Secara teoritis prinsip yang dapat digeneralisasikan untuk mengukur tingkat keberhasilan suatu pelaksanaan pendidikan karakter menurut Lickona, Schaps, dan Lewis (2010) dalam CEP’s Eleven Principle of Effective Character Education dalam Muhammad Yaumi (2014:h.11) menguraikan sebelas prinsip dasar dalam menunjang keberhasilan pelaksanaan pendidikan karakter. Kesebelas prinsip tersebut adalah:

a) Komunitas sekolah mengembangkan nilai-nilai etika dan kemampuan inti sebagai landasan karakter yang baik.

b) Sekolah mendefinisikan karakter secara komprehensif untuk memasukkan pemikiran, perasaan, dan perbuatan.

c) Sekolah menggunakan pendekatan komprehensif, sengaja, dan proaktif untuk pengembangan karakter.

d) Sekolah menciptakan masyarakat peduli karakter.

e) Sekolah memberikan kesempatan kepada peserta didik untuk melakukan tindakan moral.

f) Sekolah menawarkan kurikulum akademik yang berarti dan menantang yang menghargai semua peserta didik mengembangkan karakter, dan membantu mereka untuk mencapai keberhasilan.

17

h) Staf sekolah adalah masyarakat belajar etika yang membagi tanggung jawab untuk melaksanakan pendidikan karakter dan memasukkan nilai-nilai inti yang mengarahkan peserta didik.

i) Sekolah mengembangkan kepemimpinan bersama dan dukungan yang besar terhadap permulaan atau perbaikan pendidikan karakter.

j) Sekolah melibatkan anggota keluarga dan masyarakat sebagai mitra dalam upaya pembangunan karakter.

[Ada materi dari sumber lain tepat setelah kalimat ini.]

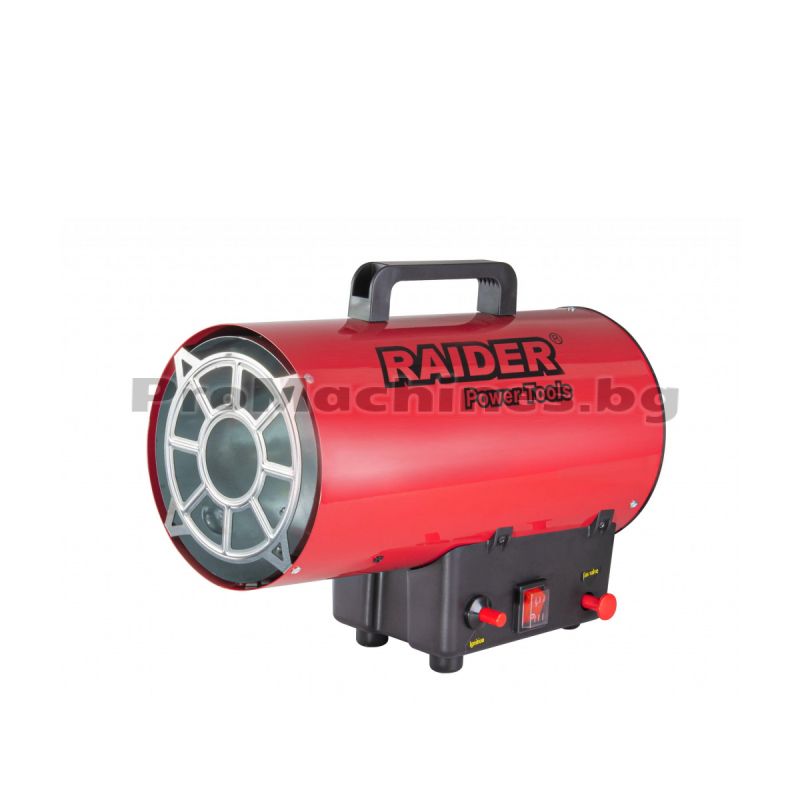 Калорифер на газ 15kW – Raider RD-GH15. Подходящ за затопляне на индустриални, складови и други помещения. Бързо затопляне на въздуха, благодарение на ефективната газова горелка и вентилатор. Снабден е с удобна дръжка за пренасяне.

k) Sekolah secara teratur menilai dan mengukur budaya dan iklim, fungsi-fungsi staf sebagai pendidik karakter serta sejauh mana peserta didik mampu memanifestasikan karakter yang baik dalam pergaulan sehari-hari. c. Pilar-pilar Pendidikan Karakter

Program kegiatan yang dilaksanakan dalam pendidikan karakter siswa harus mampu menghasilkan sikap positif terhadap peserta didik dan bahkan meningkatkannya. Pendidikan karakter sayogyanya mampu memberikan solusi atas beragam sikap peserta didik yang dinilai kurang positif, sehingga pelaksanaan pendidikan karakter benar-benar mampu memberikan dampak signifikan terhadap perkembangan sikap dan kepribadian peserta didik. Hasil yang diharapkan dari pendidikan karakter berupa tindakan nyata yang nampak dari tingkah laku seseorang dalam bertindak yakni menampilkan perilaku yang baik, jujur, tanggung jawab, menghormati orang lain, kerja keras dan lain sebagainya.

Menurut Parwez (2012:h.1-2) dalam memberikan kesimpulan tentang defenisi pendidikan karakter, menurutnya, pendidikan karakter merupakan pembentukan sikap dengan 5 komponen penting yaitu, moralitas, sikap, kebenaran, kekuatan dan kebaikan. Pernyataan ini memberikan pemahaman bahwa dalam diri seseorang pada hakekatnya telah memiliki sebuah karakter yang kuat, dan jika karakter tersebut dijaga dengan sebaik-baiknya akan menghasilkan perilaku yang mencerminkan 5 sikap tersebut yakni moral yng baik, sikap positif, nilai-nilai kebenaran, kekuatan dan sesuatu yang baik.